• _PROBLEM DETAILS_:
Return the data below in full and exactly, except that the pictures are dropped.

• _EXERCISE INPUT_:
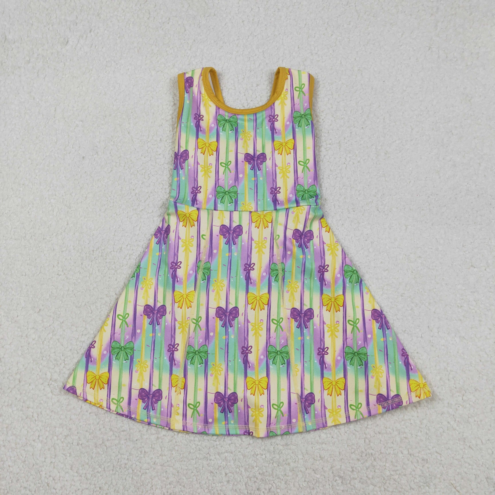 Mardi Gras Colored stripes Bow Athletic Girls Dress GSD2948
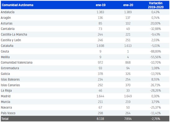 La comunidad que alcanza más constituciones en enero es Madrid, que llega a 1.649, el 21 % del total, seguida de Cataluña, con 1.613, y Andalucía con 1.389. Pero, mientras que Madrid y Andalucía mejoran sus datos ligeramente, un 0,3 y un 0,5 % respectivamente, Cataluña recorta un 5 %, el segundo descenso más abultado en valor absoluto tras las 104 que disminuye Valencia.
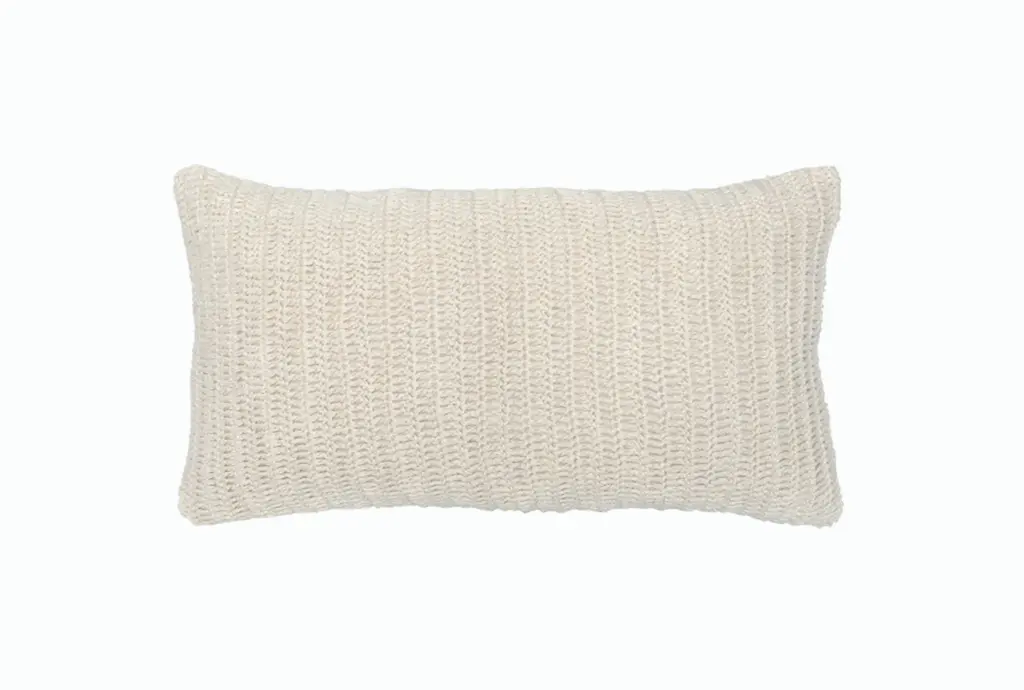 16"x36" Ivory White Textured Patched Wool Lumbar Throw Pillow | Indoor | Rectangle
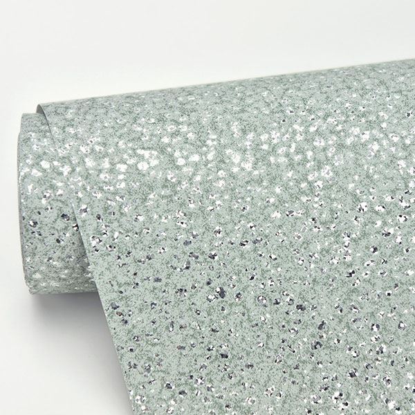 A very light seafoam is the base for this dazzling pattern. Flecks of holographic foil cover the wallpaper. Twinkle is a holographic foil non woven, unpasted wallpaper.
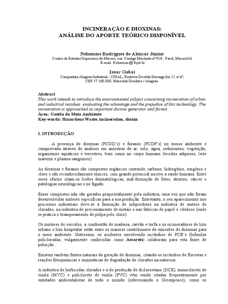 Abstract This work intends to introduce the environmental subject concerning incineration of urban and industrial residues, evaluating the advantage and the prejudice of this technology, The incineration is approached as important dioxins generator and furans. rea: Gesto do Meio Ambiente Key-words: Hazardous Waste, incineration, dioxin I. INTRODUO A presena de dioxinas (PCDDs) e furanos (PCDFs) no meios ambiente comprovada atravs de anlises em amostras de ar, solo, gua, sedimentos, vegetao, organismos aquticos e terrestres, bem como no corpo humano (tecidos adiposos, leite materno e plasma sanguneo). As dioxinas e furanos so compostos orgnicos contendo carbono, hidrognio, oxignio e cloro e so reconhecidamente txicos, com grande potencial nocivo sade humana. Entre esses efeitos citam-se leses dermatolgicas, mal-formao de fetos, abortos, cncer e patologias neurolgicas e no fgado. Esses compostos no so gerados propositalmente pela indstria, uma vez que no foram desenvolvidas snteses especficas para a sua produo. Entretanto, o seu aparecimento nos processos industriais deve-se formao de subprodutos na indstria de sntese de clorados, na indstria de processamento de metais e nas fbricas de papel e celulose (onde se pratica o branqueamento de polpa pelo cloro). Os motores de veculos, a combusto de madeira, carvo e turfa e os incineradores de lixo urbano e lixo hospitalar esto entre os maiores contribuintes de emisses de dioxinas para o meio ambiente. Outrossim, os acidentes envolvendo incndios de PCBs (bifenilas policloradas, vulgarmente conhecidas como Ascaris) colaboram para esta fonte de poluio. Existem tambm fontes naturais de gerao de dioxinas, citando-se incndios de florestas e reaes fotoqumicas e enzimticas de degradao de clorados na natureza. A indstria de herbicidas clorados e a de produo de dicloroetano (DCE), monocloreto de vinila (MVC) e policloreto de vinila (PVC) vm sendo citadas frequentemente por entidades ambientalistas de todo o mundo (sobressaindo o Greenpeace), como os
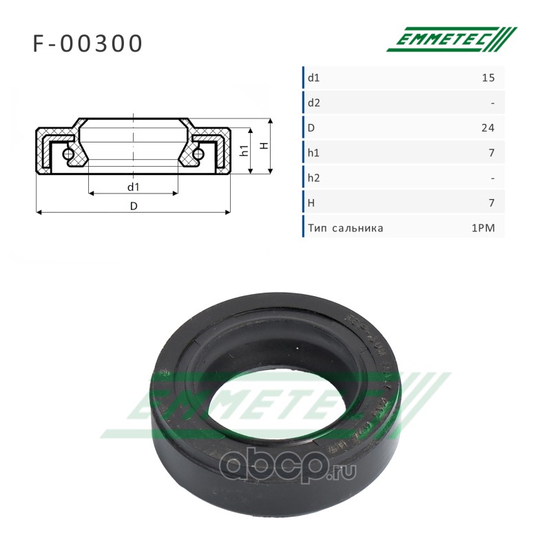 | EMMETEC | F00300 | Сальник рулевой рейки 15*24*7/7 (1PM) | ||
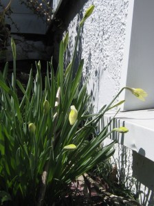 Posted on March 29, 2011March 29, 2011 by Pam Phillips Daffodils starting to open This clump of daffodils is starting to open the first flowers. I wonder if they’re really sure about it, though. One of them seems to be trying to sneak into the house. Share this: Click to email a link to a friend (Opens in new window) Email Click to share on Facebook (Opens in new window) Facebook Click to share on X (Opens in new window) X More Click to print (Opens in new window) Print Click to share on Reddit (Opens in new window) Reddit Click to share on LinkedIn (Opens in new window) LinkedIn Like Loading... Related
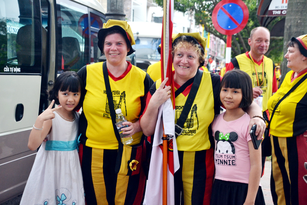 Các em nhỏ tranh thủ chụp hình với đoàn cà kheo đến từ nước Bỉ
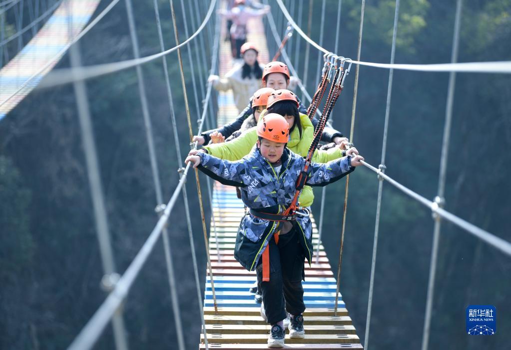 春節假期,人們前往地處鄂西山區的宣恩縣鑼圈巖地質(zhì)公園,體驗天坑上空行走、深入洞穴探險等,學(xué)習地質(zhì)知識,挑戰自我,樂(lè )享戶(hù)外休閑的樂(lè )趣。
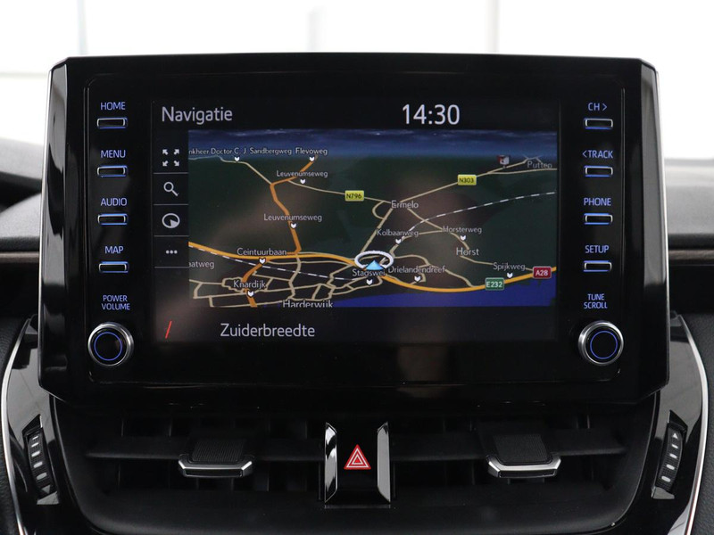 Het digitale dashboard is niet alleen enorm fraai en handig, maar draagt actief bij aan een veilige en slimme rit. Een onopvallend paaltje of een overstekend kind achter de auto brengt risico's met zich mee. Gelukkig laat de achteruitrijcamera feilloos zien of alles veilig is. Adaptive cruise control houdt de ingestelde snelheid vast en houdt afstand tot het voertuig voor u. Als u 'm vraagt 'hoe gaat het?' geeft deze auto zelf het antwoord. Via de app op uw smartphone. U checkt de meters waar u maar wilt, of activeert diverse functies alvast. De bediening van het audio-installatiesysteem en het full map navigatiesysteem gebeurt met knoppen op het stuur en als u wilt zelfs met uw stem. De audio is overigens voorzien van DAB-radio voor een altijd heldere ontvangst. Ook is de Toyota uitgerust met: achteropkomend verkeer waarschuwing, automatische airconditioning, sportstuur met schakelpaddels, regensensor, keyless entry en buitentemperatuurmeter.
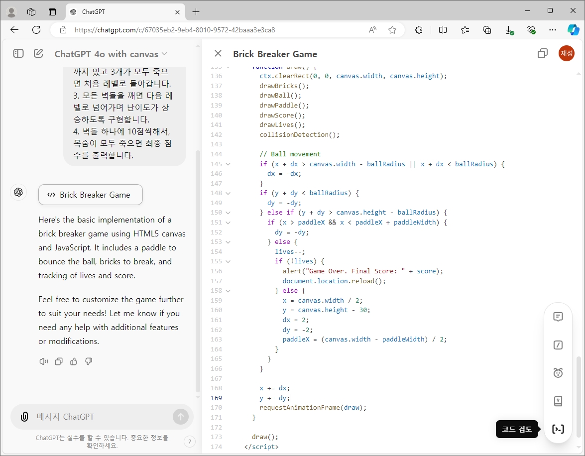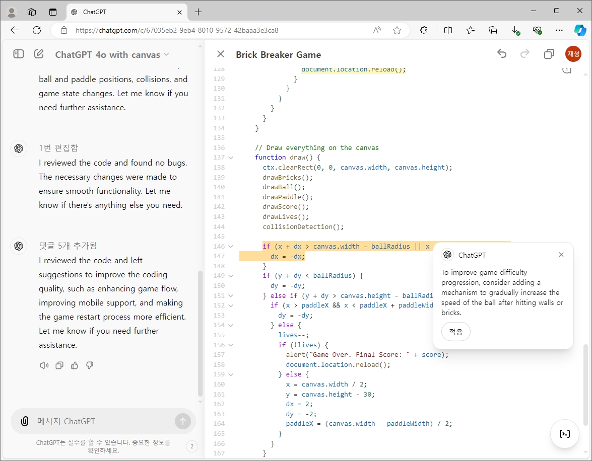 앞에서 보셨을지 모르겠지만, 각각의 canvas 기능을 실행하면 좌측의 프롬프트 창에서 ChatGPT가 수행한 내용에 대한 내용에 대한 답변으로 보내게 됩니다.
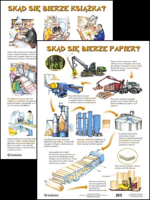 SKĄD SIĘ BIERZE PAPIER? / JAK POWSTAJE KSIĄŻKA?♦ format 61 cm x 86 cm♦ dwustronnie zalaminowane♦ wieloletnia trwałośćKto pisze książki, a kto czuwa nad ich wydaniem? Czym zajmują się redaktorzy językowi i techniczni? Skąd w książce biorą się ilustracje? Na czym polega mechanizm drukowania książki? Tego wszystkiego dzieci dowiedzą się z pierwszej strony planszy. Z kolei na drugiej stronie będą mogły obserwować krok po kroku proces produkcji papieru. Poznają odpowiedzi na pytania: z czego i gdzie wytwarza się papier, jakich maszyn się do tego używa, jakie są poszczególne etapy pracy, zanim do naszych rąk trafi arkusz papieru. Planszę można wykorzystać na każdym etapie nauki: zarówno w przedszkolu, klasach 1-3, jak i na lekcjach przyrody.

• _RESPONSE AREA_:
 Mardi Gras Colored stripes Bow Athletic Girls Dress GSD2948
 La comunidad que alcanza más constituciones en enero es Madrid, que llega a 1.649, el 21 % del total, seguida de Cataluña, con 1.613, y Andalucía con 1.389. Pero, mientras que Madrid y Andalucía mejoran sus datos ligeramente, un 0,3 y un 0,5 % respectivamente, Cataluña recorta un 5 %, el segundo descenso más abultado en valor absoluto tras las 104 que disminuye Valencia.
 16"x36" Ivory White Textured Patched Wool Lumbar Throw Pillow | Indoor | Rectangle
 A very light seafoam is the base for this dazzling pattern. Flecks of holographic foil cover the wallpaper. Twinkle is a holographic foil non woven, unpasted wallpaper.
 Abstract This work intends to introduce the environmental subject concerning incineration of urban and industrial residues, evaluating the advantage and the prejudice of this technology, The incineration is approached as important dioxins generator and furans. rea: Gesto do Meio Ambiente Key-words: Hazardous Waste, incineration, dioxin I. INTRODUO A presena de dioxinas (PCDDs) e furanos (PCDFs) no meios ambiente comprovada atravs de anlises em amostras de ar, solo, gua, sedimentos, vegetao, organismos aquticos e terrestres, bem como no corpo humano (tecidos adiposos, leite materno e plasma sanguneo). As dioxinas e furanos so compostos orgnicos contendo carbono, hidrognio, oxignio e cloro e so reconhecidamente txicos, com grande potencial nocivo sade humana. Entre esses efeitos citam-se leses dermatolgicas, mal-formao de fetos, abortos, cncer e patologias neurolgicas e no fgado. Esses compostos no so gerados propositalmente pela indstria, uma vez que no foram desenvolvidas snteses especficas para a sua produo. Entretanto, o seu aparecimento nos processos industriais deve-se formao de subprodutos na indstria de sntese de clorados, na indstria de processamento de metais e nas fbricas de papel e celulose (onde se pratica o branqueamento de polpa pelo cloro). Os motores de veculos, a combusto de madeira, carvo e turfa e os incineradores de lixo urbano e lixo hospitalar esto entre os maiores contribuintes de emisses de dioxinas para o meio ambiente. Outrossim, os acidentes envolvendo incndios de PCBs (bifenilas policloradas, vulgarmente conhecidas como Ascaris) colaboram para esta fonte de poluio. Existem tambm fontes naturais de gerao de dioxinas, citando-se incndios de florestas e reaes fotoqumicas e enzimticas de degradao de clorados na natureza. A indstria de herbicidas clorados e a de produo de dicloroetano (DCE), monocloreto de vinila (MVC) e policloreto de vinila (PVC) vm sendo citadas frequentemente por entidades ambientalistas de todo o mundo (sobressaindo o Greenpeace), como os
 | EMMETEC | F00300 | Сальник рулевой рейки 15*24*7/7 (1PM) | ||
 Posted on March 29, 2011March 29, 2011 by Pam Phillips Daffodils starting to open This clump of daffodils is starting to open the first flowers. I wonder if they’re really sure about it, though. One of them seems to be trying to sneak into the house. Share this: Click to email a link to a friend (Opens in new window) Email Click to share on Facebook (Opens in new window) Facebook Click to share on X (Opens in new window) X More Click to print (Opens in new window) Print Click to share on Reddit (Opens in new window) Reddit Click to share on LinkedIn (Opens in new window) LinkedIn Like Loading... Related
 Các em nhỏ tranh thủ chụp hình với đoàn cà kheo đến từ nước Bỉ
 春節假期,人們前往地處鄂西山區的宣恩縣鑼圈巖地質(zhì)公園,體驗天坑上空行走、深入洞穴探險等,學(xué)習地質(zhì)知識,挑戰自我,樂(lè )享戶(hù)外休閑的樂(lè )趣。
 Het digitale dashboard is niet alleen enorm fraai en handig, maar draagt actief bij aan een veilige en slimme rit. Een onopvallend paaltje of een overstekend kind achter de auto brengt risico's met zich mee. Gelukkig laat de achteruitrijcamera feilloos zien of alles veilig is. Adaptive cruise control houdt de ingestelde snelheid vast en houdt afstand tot het voertuig voor u. Als u 'm vraagt 'hoe gaat het?' geeft deze auto zelf het antwoord. Via de app op uw smartphone. U checkt de meters waar u maar wilt, of activeert diverse functies alvast. De bediening van het audio-installatiesysteem en het full map navigatiesysteem gebeurt met knoppen op het stuur en als u wilt zelfs met uw stem. De audio is overigens voorzien van DAB-radio voor een altijd heldere ontvangst. Ook is de Toyota uitgerust met: achteropkomend verkeer waarschuwing, automatische airconditioning, sportstuur met schakelpaddels, regensensor, keyless entry en buitentemperatuurmeter.
 앞에서 보셨을지 모르겠지만, 각각의 canvas 기능을 실행하면 좌측의 프롬프트 창에서 ChatGPT가 수행한 내용에 대한 내용에 대한 답변으로 보내게 됩니다.
 SKĄD SIĘ BIERZE PAPIER? / JAK POWSTAJE KSIĄŻKA?♦ format 61 cm x 86 cm♦ dwustronnie zalaminowane♦ wieloletnia trwałośćKto pisze książki, a kto czuwa nad ich wydaniem? Czym zajmują się redaktorzy językowi i techniczni? Skąd w książce biorą się ilustracje? Na czym polega mechanizm drukowania książki? Tego wszystkiego dzieci dowiedzą się z pierwszej strony planszy. Z kolei na drugiej stronie będą mogły obserwować krok po kroku proces produkcji papieru. Poznają odpowiedzi na pytania: z czego i gdzie wytwarza się papier, jakich maszyn się do tego używa, jakie są poszczególne etapy pracy, zanim do naszych rąk trafi arkusz papieru. Planszę można wykorzystać na każdym etapie nauki: zarówno w przedszkolu, klasach 1-3, jak i na lekcjach przyrody.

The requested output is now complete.